- Born: María Esther Julia Arroyo Bermúdez 29 March 1968 (age 57) Cádiz, Spain
- Spouse: Antonio Navajas
- Modeling information
- Height: 1.75 m (5 ft 9 in)
- Hair color: Blonde

= Esther Arroyo =

Spanish actress and model

María Esther Julia Arroyo Bermúdez (born Cádiz, 29 March 1968) is a Spanish actress, model and beauty pageant titleholder who was crowned Miss Spain 1990 and represented her country at Miss Universe 1991.

==Trajectory==
Since winning the Miss Spain contest she appeared in many TV programs as a host (Homo Zapping) and collaborator (Sabor a ti) She also acted in many TV series, her most famous role was playing Ali in Periodistas from 1998 to 2002.

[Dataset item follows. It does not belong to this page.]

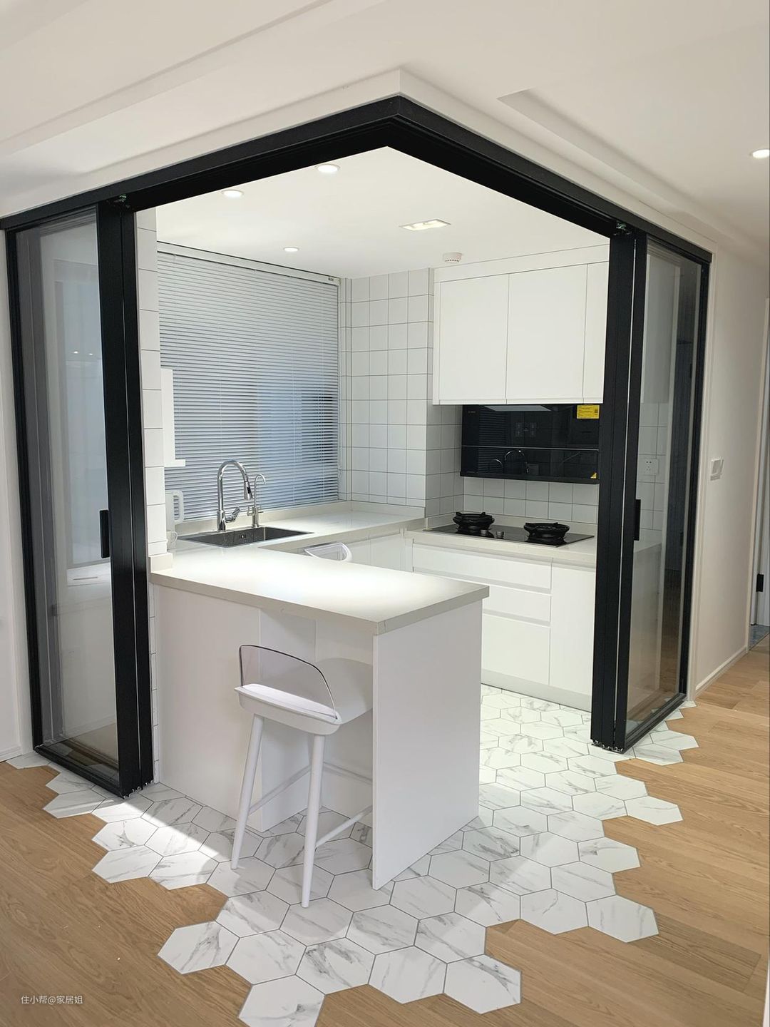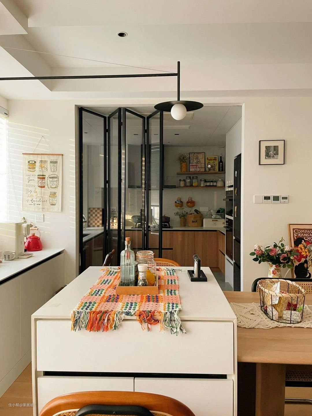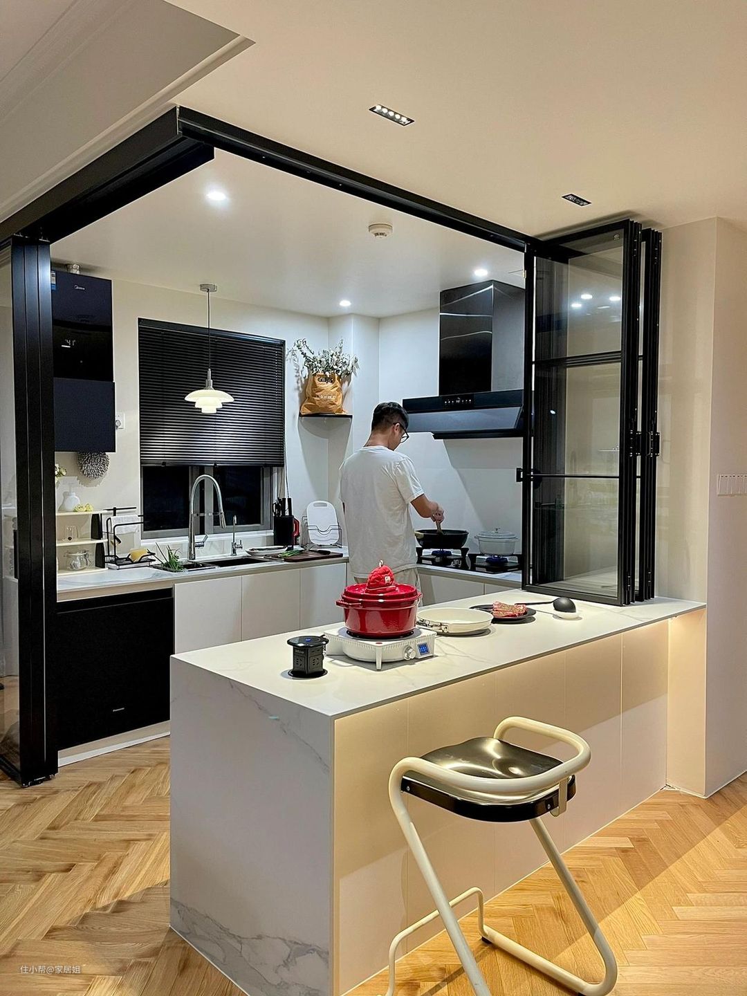 还有网友@熊猫先森家的厨房,他所在的地区不允许全开放式厨房,他又不想过于密闭,于是设计成吧台+3联动推拉门+折叠推拉窗的组合。
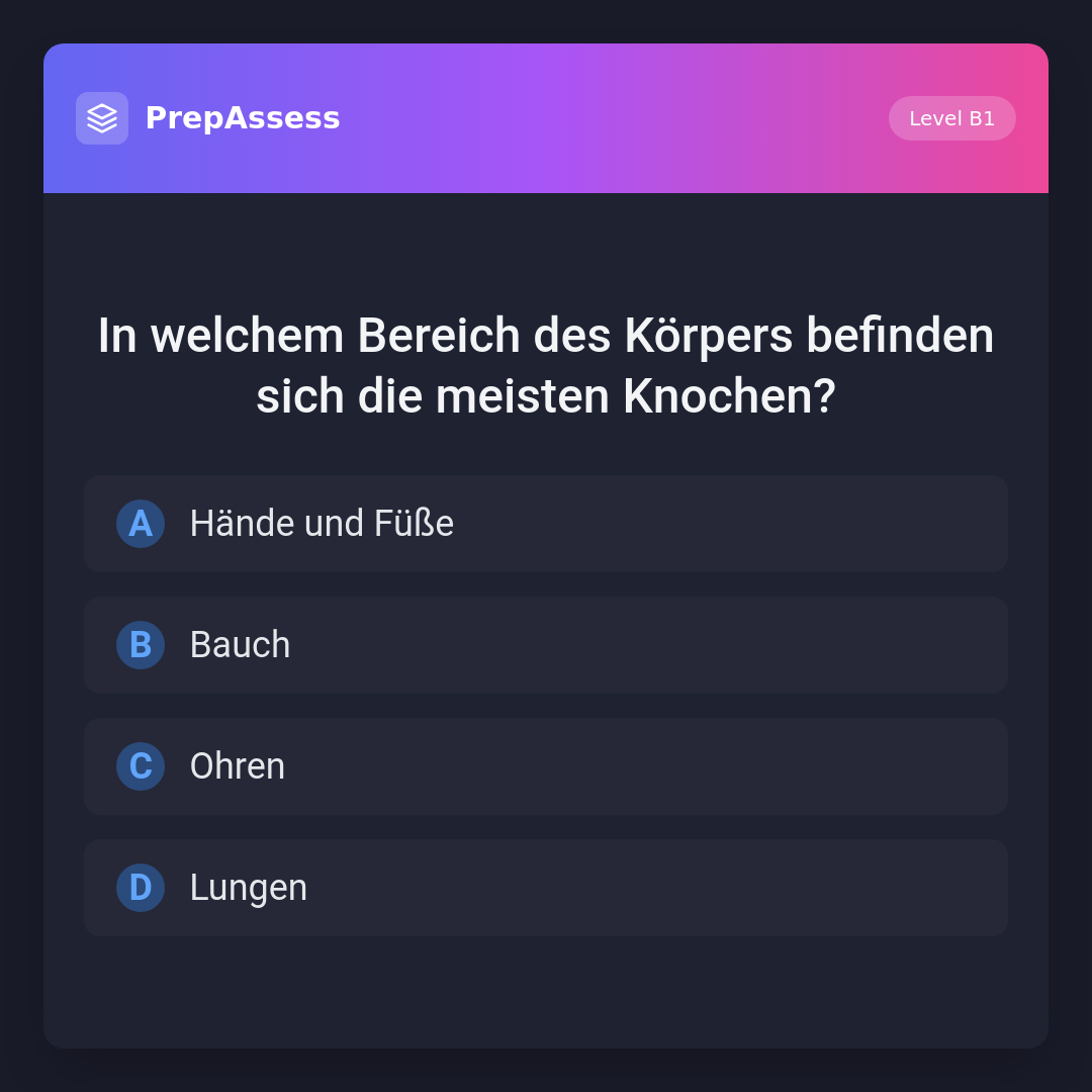 In welchem Bereich des Körpers befinden sich die meisten Knochen?

On 10 October 2008 she was involved in a car accident alongside singer Ana Torroja when another car collided with them. Her husband was the driver and she was the copilot. One of her friends died in the said accident and she still has a limp due to this.

In October 2016 she became one of the contestants of musical impersonation show Tu cara me suena in Antena 3.

==Filmography==
- Atún y chocolate (2004).
- Los increíbles (Spanish dub) (2004).